### DATASET:
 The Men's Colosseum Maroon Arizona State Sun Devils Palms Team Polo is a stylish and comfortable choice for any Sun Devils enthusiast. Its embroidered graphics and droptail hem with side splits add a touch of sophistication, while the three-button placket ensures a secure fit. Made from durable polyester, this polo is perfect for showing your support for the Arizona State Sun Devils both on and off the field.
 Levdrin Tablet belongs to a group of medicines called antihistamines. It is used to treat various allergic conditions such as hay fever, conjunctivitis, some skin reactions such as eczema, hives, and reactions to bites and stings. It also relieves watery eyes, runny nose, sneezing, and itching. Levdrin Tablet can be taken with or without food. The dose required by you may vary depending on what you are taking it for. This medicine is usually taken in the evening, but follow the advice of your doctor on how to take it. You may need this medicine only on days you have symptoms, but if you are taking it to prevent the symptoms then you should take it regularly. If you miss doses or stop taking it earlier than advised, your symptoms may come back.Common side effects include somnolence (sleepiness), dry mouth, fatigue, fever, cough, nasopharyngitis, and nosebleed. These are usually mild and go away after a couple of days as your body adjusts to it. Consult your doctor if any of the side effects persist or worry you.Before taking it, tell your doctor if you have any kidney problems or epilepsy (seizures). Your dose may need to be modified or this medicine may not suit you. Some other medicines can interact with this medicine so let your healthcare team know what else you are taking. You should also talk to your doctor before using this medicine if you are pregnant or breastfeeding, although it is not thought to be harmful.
---
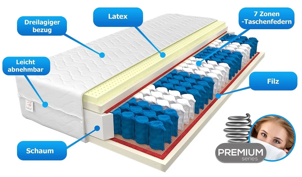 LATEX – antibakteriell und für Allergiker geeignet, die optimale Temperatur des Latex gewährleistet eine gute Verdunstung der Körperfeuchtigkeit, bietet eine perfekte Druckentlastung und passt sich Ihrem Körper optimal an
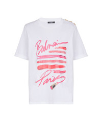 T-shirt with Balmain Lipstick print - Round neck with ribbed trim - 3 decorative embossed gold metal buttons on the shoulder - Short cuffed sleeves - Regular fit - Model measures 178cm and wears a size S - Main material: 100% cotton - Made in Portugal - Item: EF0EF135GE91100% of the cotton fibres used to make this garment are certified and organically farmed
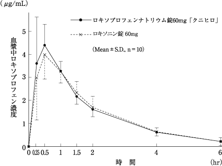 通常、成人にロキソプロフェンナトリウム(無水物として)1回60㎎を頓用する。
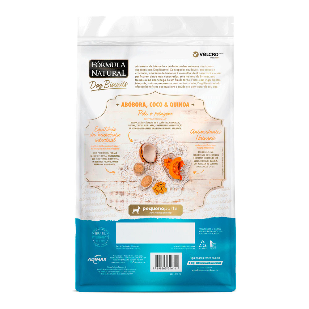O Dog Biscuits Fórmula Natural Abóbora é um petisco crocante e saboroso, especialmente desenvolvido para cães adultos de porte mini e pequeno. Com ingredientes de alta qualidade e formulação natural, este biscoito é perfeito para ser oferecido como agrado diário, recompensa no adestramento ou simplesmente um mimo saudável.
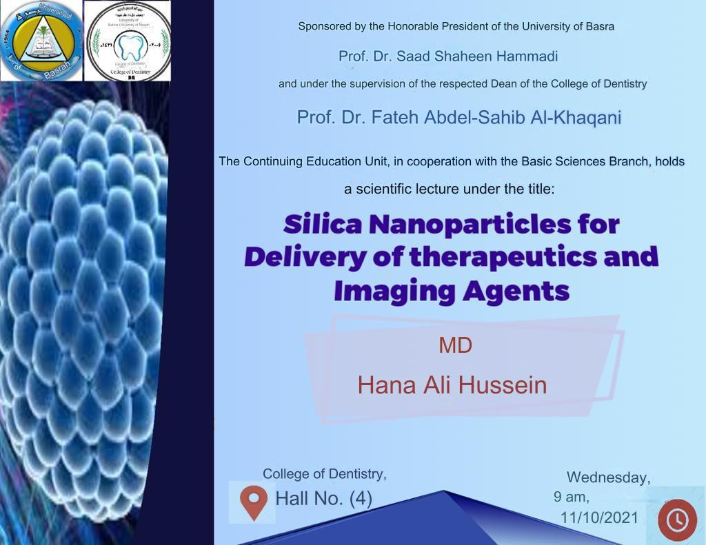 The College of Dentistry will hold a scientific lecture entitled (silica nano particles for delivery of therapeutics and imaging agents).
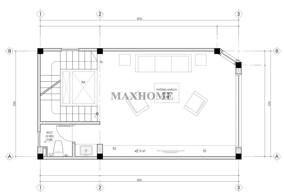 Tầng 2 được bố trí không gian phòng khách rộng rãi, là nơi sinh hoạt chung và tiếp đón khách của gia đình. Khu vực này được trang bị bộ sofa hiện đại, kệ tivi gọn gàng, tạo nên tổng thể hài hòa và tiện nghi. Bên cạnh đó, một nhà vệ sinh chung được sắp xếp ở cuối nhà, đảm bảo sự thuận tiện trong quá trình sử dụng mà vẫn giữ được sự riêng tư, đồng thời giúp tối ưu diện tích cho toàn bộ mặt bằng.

### TASK REQUIREMENTS:
In the material above, one part opens with the line containing "The College of" and closes with the line containing "Tầng 2 được". Write out that part exactly and skip its pictures.

### SOLUTION TO THIS TASK:
 The College of Dentistry will hold a scientific lecture entitled (silica nano particles for delivery of therapeutics and imaging agents).
 Tầng 2 được bố trí không gian phòng khách rộng rãi, là nơi sinh hoạt chung và tiếp đón khách của gia đình. Khu vực này được trang bị bộ sofa hiện đại, kệ tivi gọn gàng, tạo nên tổng thể hài hòa và tiện nghi. Bên cạnh đó, một nhà vệ sinh chung được sắp xếp ở cuối nhà, đảm bảo sự thuận tiện trong quá trình sử dụng mà vẫn giữ được sự riêng tư, đồng thời giúp tối ưu diện tích cho toàn bộ mặt bằng.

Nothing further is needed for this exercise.